| Work instructions |
From the entries below, please output exactly the lines starting at the one containing "Фрагмент мозаики Юстиниана" and ending at the one containing "This Hermès Trousse de Toilette Bride", both included.

| Dataset content |
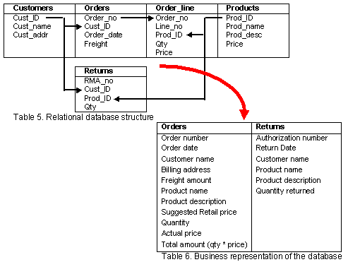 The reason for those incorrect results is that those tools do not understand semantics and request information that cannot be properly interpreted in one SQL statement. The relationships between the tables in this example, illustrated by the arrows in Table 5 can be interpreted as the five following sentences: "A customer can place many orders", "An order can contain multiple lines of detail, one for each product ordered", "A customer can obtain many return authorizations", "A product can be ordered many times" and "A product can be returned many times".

* * *

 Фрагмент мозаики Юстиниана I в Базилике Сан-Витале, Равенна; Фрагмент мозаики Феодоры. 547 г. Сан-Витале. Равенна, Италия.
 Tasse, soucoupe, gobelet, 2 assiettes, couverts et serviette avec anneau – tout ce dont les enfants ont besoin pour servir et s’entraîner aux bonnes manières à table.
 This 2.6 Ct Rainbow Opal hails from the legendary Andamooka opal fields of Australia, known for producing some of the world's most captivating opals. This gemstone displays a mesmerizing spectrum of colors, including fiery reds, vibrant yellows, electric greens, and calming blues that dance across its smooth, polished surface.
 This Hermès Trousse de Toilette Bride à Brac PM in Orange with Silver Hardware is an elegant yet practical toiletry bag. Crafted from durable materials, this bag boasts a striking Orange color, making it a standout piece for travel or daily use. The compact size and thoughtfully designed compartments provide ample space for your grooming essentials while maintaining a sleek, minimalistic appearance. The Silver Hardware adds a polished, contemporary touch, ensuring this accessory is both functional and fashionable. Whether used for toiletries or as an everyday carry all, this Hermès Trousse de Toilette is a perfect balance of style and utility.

| The completed task |
 Фрагмент мозаики Юстиниана I в Базилике Сан-Витале, Равенна; Фрагмент мозаики Феодоры. 547 г. Сан-Витале. Равенна, Италия.
 Tasse, soucoupe, gobelet, 2 assiettes, couverts et serviette avec anneau – tout ce dont les enfants ont besoin pour servir et s’entraîner aux bonnes manières à table.
 This 2.6 Ct Rainbow Opal hails from the legendary Andamooka opal fields of Australia, known for producing some of the world's most captivating opals. This gemstone displays a mesmerizing spectrum of colors, including fiery reds, vibrant yellows, electric greens, and calming blues that dance across its smooth, polished surface.
 This Hermès Trousse de Toilette Bride à Brac PM in Orange with Silver Hardware is an elegant yet practical toiletry bag. Crafted from durable materials, this bag boasts a striking Orange color, making it a standout piece for travel or daily use. The compact size and thoughtfully designed compartments provide ample space for your grooming essentials while maintaining a sleek, minimalistic appearance. The Silver Hardware adds a polished, contemporary touch, ensuring this accessory is both functional and fashionable. Whether used for toiletries or as an everyday carry all, this Hermès Trousse de Toilette is a perfect balance of style and utility.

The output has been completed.